EXERCISE DATA:
══════════════════════════════
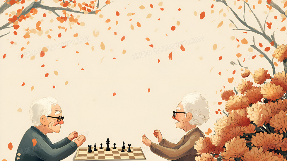 本作品内容为卡通风老人休闲活动下棋重背景, 格式为 jpg, 大小3 MB, 图片尺寸为2912 x 1632, 作品中背景图片无需修改, 源文件无水印,可以直接使用, 欢迎使用熊猫办公。 如认为平台内容涉嫌侵权,可通过邮件:tousu@tukuppt.com提出书面通知,我们将及时处理。
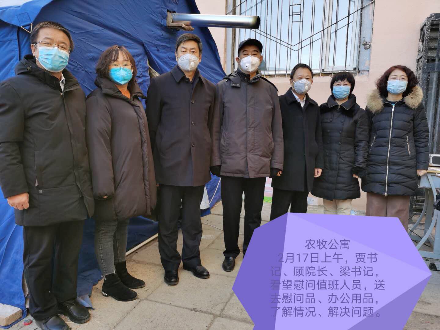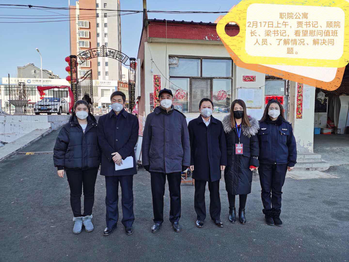 2月17日上午,best365中国官方网站党委书记贾军,党委副书记、院长顾建峰,院党委副书记、纪委书记梁建龙等一行深入包联小区看望慰问值班人员。
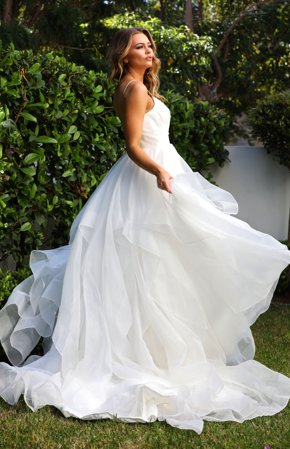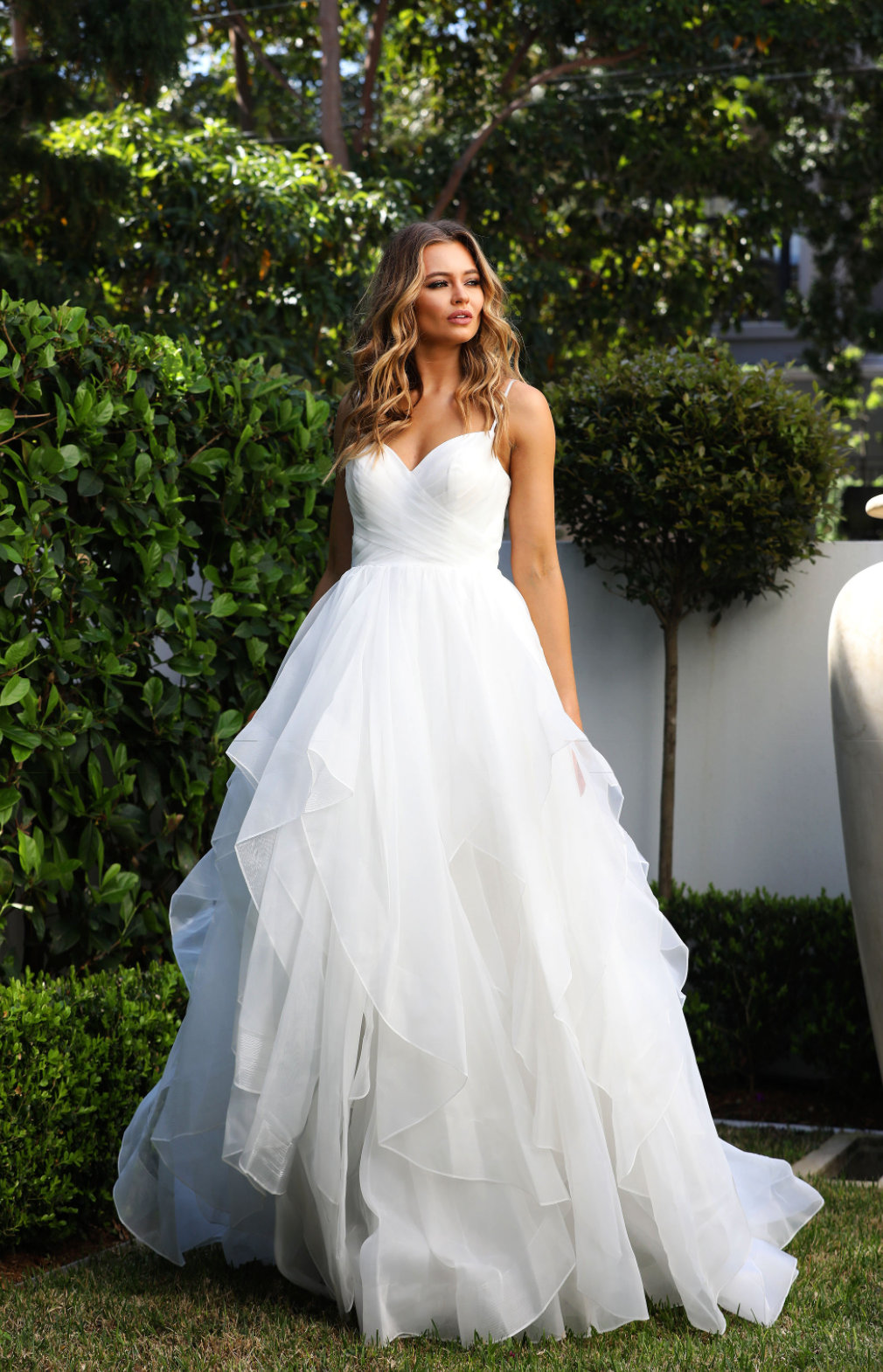 This stunning dress has its pleated bodice with a sweetheart neckline. this skirt is the wow factor with a big ball gown skirt with layers of fabric finishing at different lengths to give that WOW factor.
══════════════════════════════
EXERCISE DIRECTIONS: Omitting the images, copy the listing exactly.

ANSWER:
 本作品内容为卡通风老人休闲活动下棋重背景, 格式为 jpg, 大小3 MB, 图片尺寸为2912 x 1632, 作品中背景图片无需修改, 源文件无水印,可以直接使用, 欢迎使用熊猫办公。 如认为平台内容涉嫌侵权,可通过邮件:tousu@tukuppt.com提出书面通知,我们将及时处理。
 2月17日上午,best365中国官方网站党委书记贾军,党委副书记、院长顾建峰,院党委副书记、纪委书记梁建龙等一行深入包联小区看望慰问值班人员。
 This stunning dress has its pleated bodice with a sweetheart neckline. this skirt is the wow factor with a big ball gown skirt with layers of fabric finishing at different lengths to give that WOW factor.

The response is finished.